Start of Block
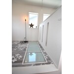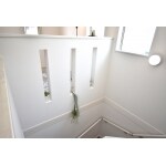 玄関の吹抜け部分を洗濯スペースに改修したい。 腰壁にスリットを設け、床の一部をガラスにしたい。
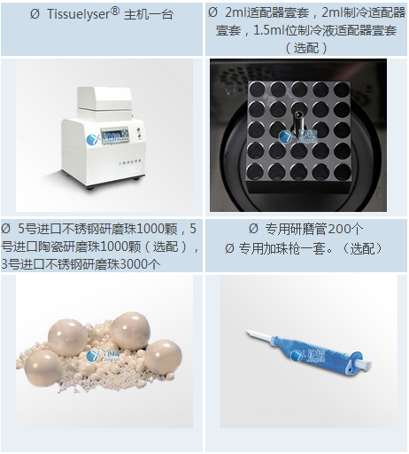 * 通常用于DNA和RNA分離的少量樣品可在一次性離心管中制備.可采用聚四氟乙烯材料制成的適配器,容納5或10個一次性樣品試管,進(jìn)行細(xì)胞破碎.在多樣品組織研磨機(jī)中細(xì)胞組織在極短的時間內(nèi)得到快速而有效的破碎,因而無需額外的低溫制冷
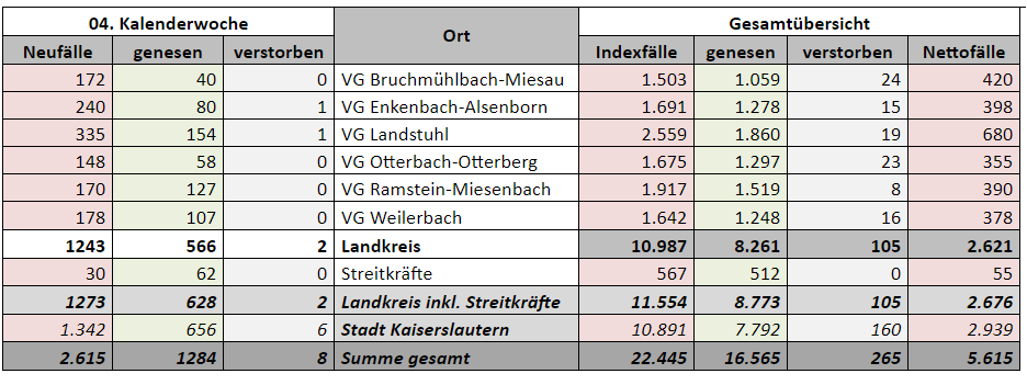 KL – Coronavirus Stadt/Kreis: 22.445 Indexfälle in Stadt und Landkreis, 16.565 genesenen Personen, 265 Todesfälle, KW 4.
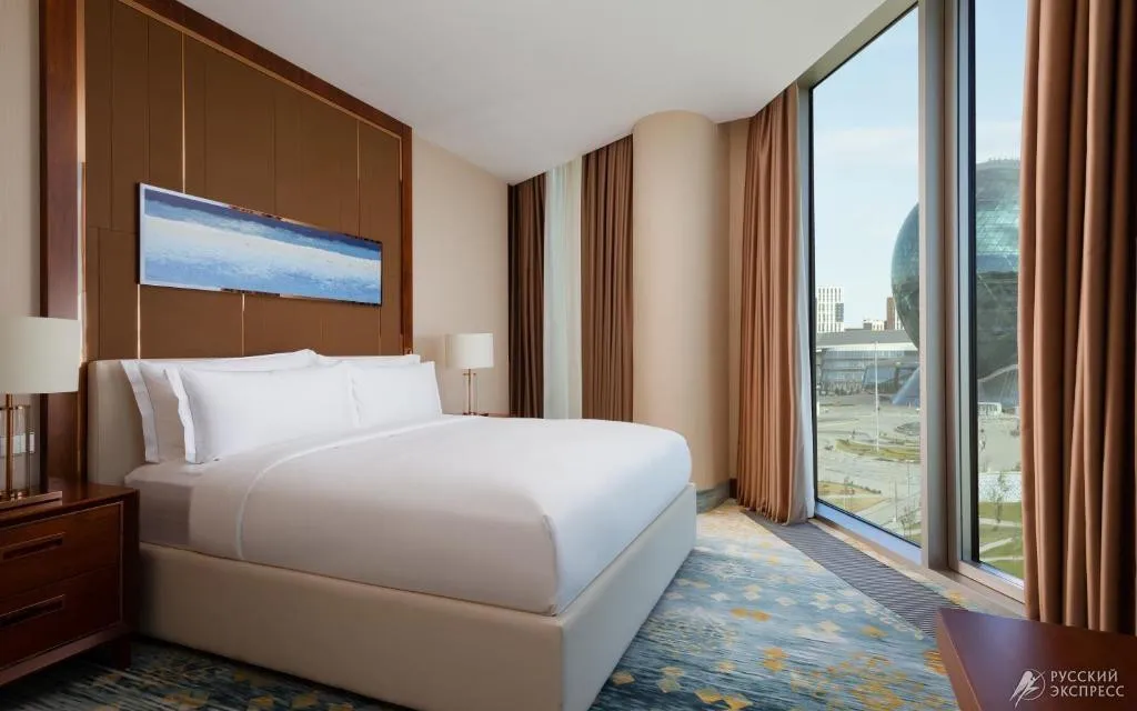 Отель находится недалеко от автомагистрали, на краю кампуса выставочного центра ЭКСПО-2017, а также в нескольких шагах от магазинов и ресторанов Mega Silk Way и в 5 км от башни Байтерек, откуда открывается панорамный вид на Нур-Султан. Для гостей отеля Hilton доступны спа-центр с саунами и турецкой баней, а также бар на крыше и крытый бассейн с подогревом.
End of Block
Start of Block
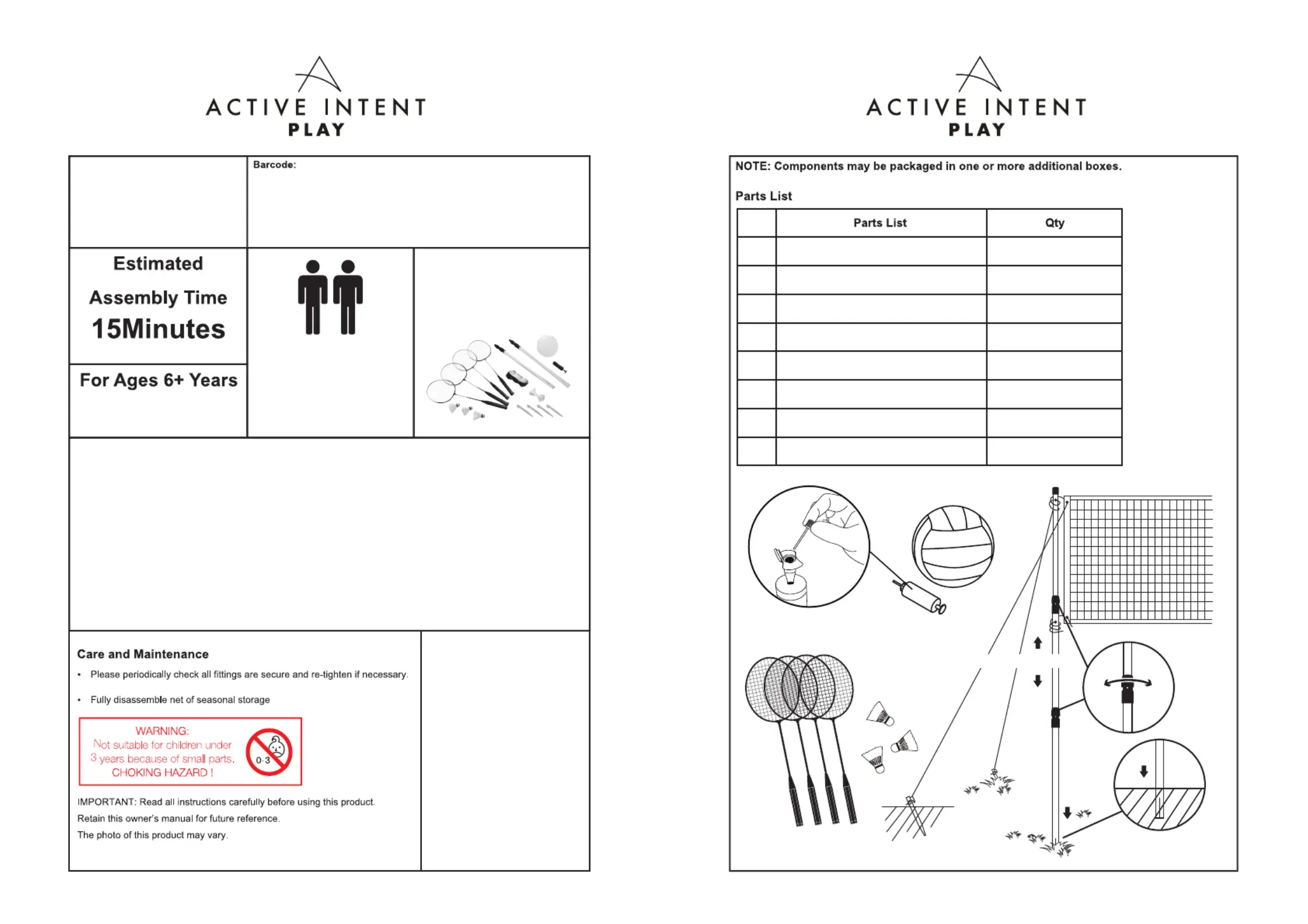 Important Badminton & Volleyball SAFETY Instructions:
End of Block
Start of Block
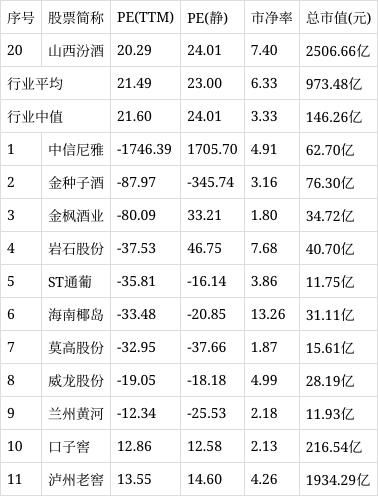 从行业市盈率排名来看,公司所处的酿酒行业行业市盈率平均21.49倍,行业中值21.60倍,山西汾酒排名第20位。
End of Block
* [About this task]
Although the records above contain pictures, the copy must not; set down exactly the lines from the one with "KL – Coronavirus" up to and including the one with "Отель находится недалеко".

* [Response to the exercise]
 KL – Coronavirus Stadt/Kreis: 22.445 Indexfälle in Stadt und Landkreis, 16.565 genesenen Personen, 265 Todesfälle, KW 4.
 Отель находится недалеко от автомагистрали, на краю кампуса выставочного центра ЭКСПО-2017, а также в нескольких шагах от магазинов и ресторанов Mega Silk Way и в 5 км от башни Байтерек, откуда открывается панорамный вид на Нур-Султан. Для гостей отеля Hilton доступны спа-центр с саунами и турецкой баней, а также бар на крыше и крытый бассейн с подогревом.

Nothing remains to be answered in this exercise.